South Carolina’s primary electorate has a higher proportion of military families and veterans than earlier states, and Perry, an Air Force veteran, hopes to tap them. But the other veteran in the race, Rep. Ron Paul of Texas, is at a disadvantage because of his dovish views on the use of military force.

Paul continued to defend his isolationist foreign policy beliefs, maintaining that the nation would be safer if it was less militarily engaged.

“I would say that maybe we ought to consider a golden rule in foreign policy. Don’t do to other nations what we don’t want to [be done] to us,” he said, as the crowd booed. “So we endlessly bomb these countries and then we wonder why they get upset with us?”

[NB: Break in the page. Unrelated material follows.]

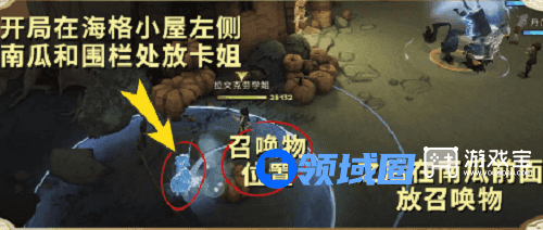 3、开局走到海格小屋左侧南瓜后方召唤卡姐(位置如图),这个位置没有暴风,全程自己丢才华药水快速过牌,在卡姐前面放召唤物,统统加护和闪回留手牌。
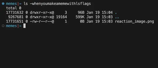 minus-squarekeklolkek228@lemmy.worldlinkfedilinkarrow-up0·13 days agoYou can still do: ls -w0 -hnoumakammw0 -ithlsflags

The Houston-area congressman also argued that King would agree with his opposition to wars, noting that the civil rights leader opposed the U.S. war in Vietnam.

The debate featured a slimmed-down field of five, Jon Huntsman Jr. having pulled out of the race hours earlier. The former Utah governor endorsed Romney and took a blast at the GOP campaign’s “toxic” atmosphere — although he had made his own attacks on Romney.

Advertisement

Romney did not attend Huntsman’s event. The endorsement is likely to provide, at best, a marginal boost to Romney’s campaign in South Carolina, since Huntsman was drawing about 5% in recent polls.

Political veterans in the state warn that the race remains fluid.

“It’s a lot closer than people think,” said Sen. Lindsey Graham of South Carolina, a Republican who is unaligned. “It’s a margin of error race right now.”

The debate, the 16th of the Republican campaign, kicked off what will likely be the last concentrated series of televised faceoffs. Four debates are scheduled between Monday and Jan. 26 in South Carolina and Florida, the two states that will hold primaries this month.